Time window behavior
- Token limits reset after the configured
resetTimeWindowSeconds
- The reset timer starts when the first request is processed
- When a time window expires, both prompt and completion token counters reset to their configured limits
Default throttling response
When whenLimitExceeded
is set to Throttle
, the plugin returns a standard OpenAI-compatible error response:
{
"error": {
"message": "You exceeded your current quota, please check your plan and billing details.",
"type": "insufficient_quota",
"param": null,
"code": "insufficient_quota"
}
}
The response includes:
- HTTP status code:
429 Too Many Requests
retry-after
header with seconds until token limits reset- CORS headers when the original request includes an
Origin
header
Use cases
The LanguageModelRateLimitingPlugin is useful for:
- Testing token-based rate limiting: Simulate how your application behaves when language model providers enforce token quotas
- Development cost simulation: Understand token consumption patterns during development before hitting real API limits
- Resilience testing: Verify that your application properly handles token limit errors and implements appropriate retry logic
- Local LLM testing: Test token limiting scenarios with local language models (like Ollama) that don't enforce their own limits
Example scenarios
Scenario 1: Basic token limiting
{
"languageModelRateLimitingPlugin": {
"promptTokenLimit": 1000,
"completionTokenLimit": 500,
"resetTimeWindowSeconds": 300
}
}
This configuration allows up to 1,000 prompt tokens and 500 completion tokens within a 5-minute window.

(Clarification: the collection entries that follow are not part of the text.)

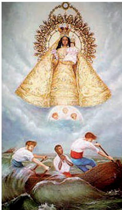
Virgen de la Caridad del Cobre

En el año 2.012 celebraremos en Cuba el cuarto centenario de la aparición de la Virgen de la Caridad, en la bahía de Nipe, en la provincia de Huguín, año 1.612. La encontraron tres jóvenes, uno de ellos todavía niño, que iban en su barquita en busca de sal. En medio de la bahía, flotando sobre una tabla, encontraron la imagen de una Virgen; en la tabla estaba escrito en letras grandes, "Yo soy la Virgen de la Caridad". A pesar del oleaje milagrosamente la imagen estaba seca. Actualmente la Virgen de la Caridad se venera en el Santuario del Cobre, pueblecito próximo a Santiago de Cuba.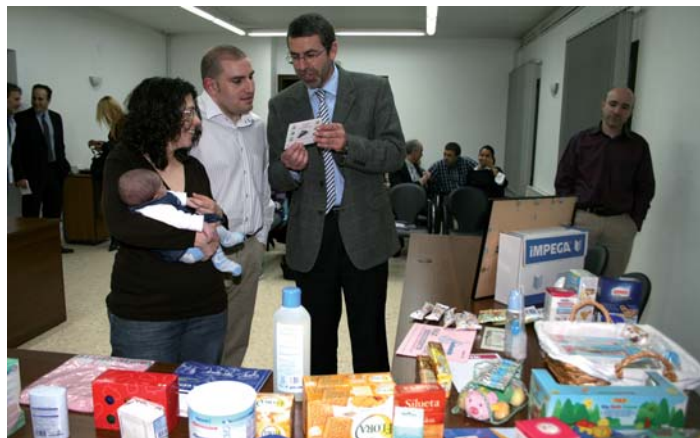
La Laia, a braços de la seva mare, el dia que va rebre la cistella "Vallbaby"

L'Ajuntament de Vallgorguina està molt satisfeta per la repercussió mediàtica que ha tingut la campanya i, sobretot, perquè no ha costat ni un sol euro a la caixa municipal.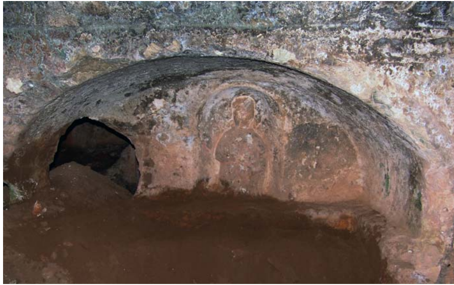
Resim 15. Kabartma Büst, KB-Mezar 1, Kuzeybatı mezar odası, Güneybatı, Khamosorion

Nişin içteki geniş yüzeyinde üst kısmı basık kemerli ve içe doğru yarım kubbe biçiminde derinleşen dikdörtgen formlu alana sahip bir kabartma pano (G: 0.60 x 0.83 m) mevcuttur. Kabartmalı alanda giyimli bir erkek büstü görülmektedir (Kabartma K: 0.20 m; Resim 15). Baş ezilmiş ve kırılmış, gövdenin üst kısmı cepheden betimlenmiş, omuzlar düşük, sağ kol manto içerisinde gövdeye yapışık ve dik açılı kıvrım ile bel hizasında, sol kol yanda omuzundan aşağı sarkan kumaş tomarını taşımaktadır. Stilize kumaş kıvrımlarının detayları derin, düz hatlarla belirtilmiştir.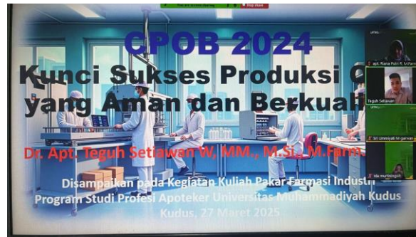
Gambar 1. Penyampaian Materi Oleh Narasumber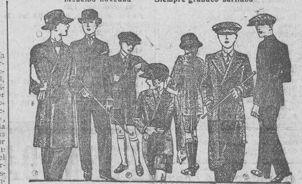
TRAJES para mocetes todos los gustos, edad de 10 a 16 años a 30, 40, 50 60 y 70 pesetas. TRAJES, pantalón nikel, desde 35 a 75 pesetas.

La casa que más barato vende y más surtido presenta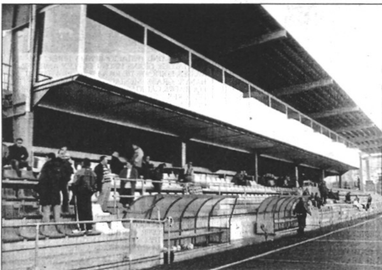
Imatge de la nova grada del Camp Municipal d'Esports (L'ABRM)

La presentació dels aiguamolls de les Llobateres d'aquest diuenge està oberta a tots els veïns del municipi i per aquest motiu l'Ajuntament habilitarà un servei d'autocar gratuït que sortirà des de Sant Celoni i des de la Batllòria.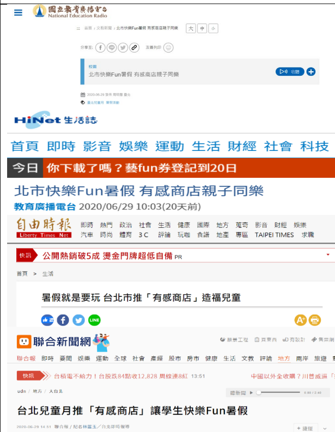
教育廣播電台、HiNet、自由時報等7家媒體報導有感商店訊息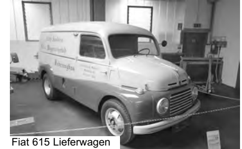
Fiat 615 Lieferwagen

Pabneukirchen ( www.autohaus-ambros.at/oldtimermuseum ) beherbergt zahlreiche italienische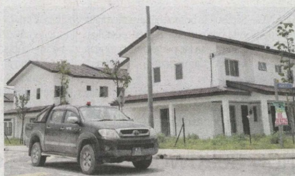
Penduduk mula berpindah masuk secara berperingkat sejak April lalu.

"Penyerahan kunci dibuat April lalu kepada penduduk yang layak dan terdapat beberapa penduduk menghadapi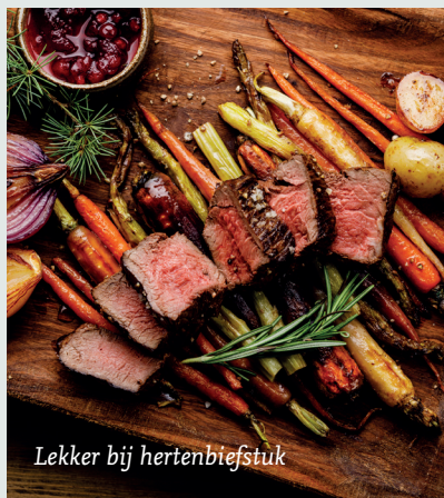
Lekker bij hertenbiefstuk

De Selvarossa is het paradepaardje van de familie Maci, eigenaar van Cantine Due Palme. Due Palme bewijst met deze wijn dat ook in Salento, in de Zuid-Italiaanse regio Apulië, topwijnen gemaakt kunnen worden. Hun beste wijn heeft al vele malen de hoogste waardering van tre bicchieri (drie glaasjes) behaald in de Italiaanse wijngids Gambero Rosso. Uiteraard is voor u vooral de smaak en wijnstijl van belang: deze is rijk en soepel. De wijn is gemaakt van overwegend superrijpe en flink ingedroogde negroamarodruiven, aangevuld met een beetje malvasia nera. Tijdens de lange gisting ontstaat een mooie diepdonkere kleur. Daarna rijpt de Selvarossa negen maanden lang in nieuwe kleine eikenhouten fusten van Franse origine. Door de volle, ronde smaak en de rijpe aroma's is 'ie perfect voor bij een stevige maaltijd of als luxe avondwijn.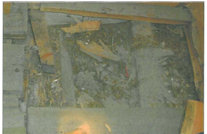
Välipohjan materiaaleja kuvattuna vinttikomeron lattiasta.

Yläpohja eristekerros on ohut, noin 25 cm, ja siinä on eristeenä sekalaista maatuva aineesta. Lisäeristettä on laitettu asuinkerroksen sisäkattoon, samalla kattoa on laskettu. Mikäli huonekorkeus halutaan palauttaa, tulee välipohjan eristys suunnitella uudestaan.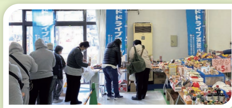
困窮者支援としてフードドライブ事業など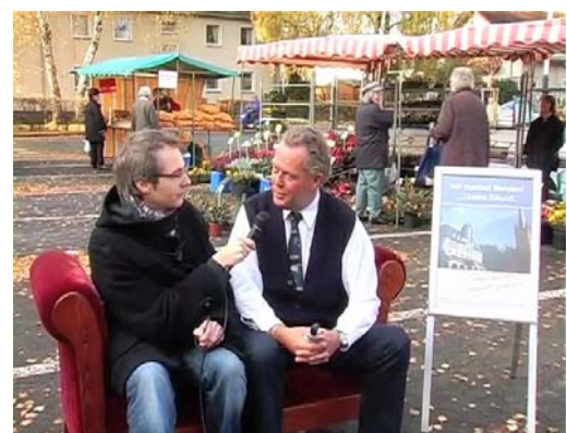
Das rote Sofa auf dem Wochenmarkt Platte Heide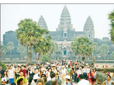
နိုင်ငံတကာ ဆောင်းပါးစာမျက်နှာ » ၁၂

အသင်းဟောင်းကို ဒုတိယအကြိမ် ပြန်လည်ကိုင်တွယ်တဲ့ နည်းပြတွေထဲမှာ ဘယ်နည်းပြတွေ အောင်မြင်မှုရပြီး ဘယ်နည်းပြတွေ ရှုံးနိမ့်မှုနဲ့ ရင်ဆိုင်ခဲ့ရသလဲ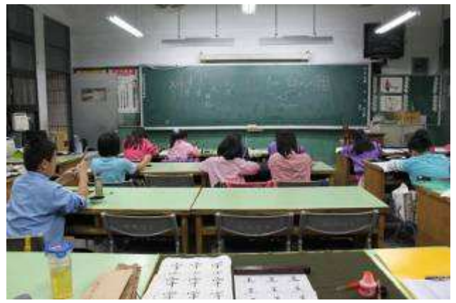
書法班 A 班（四、五、六年級）上課-991105

Scenario 2: Custom error responses
{
"languageModelRateLimitingPlugin": {
"promptTokenLimit": 2000,
"completionTokenLimit": 1000,
"resetTimeWindowSeconds": 60,
"whenLimitExceeded": "Custom",
"customResponseFile": "custom-token-error.json"
}
}
This configuration uses a custom response file to provide specialized error messages when token limits are exceeded.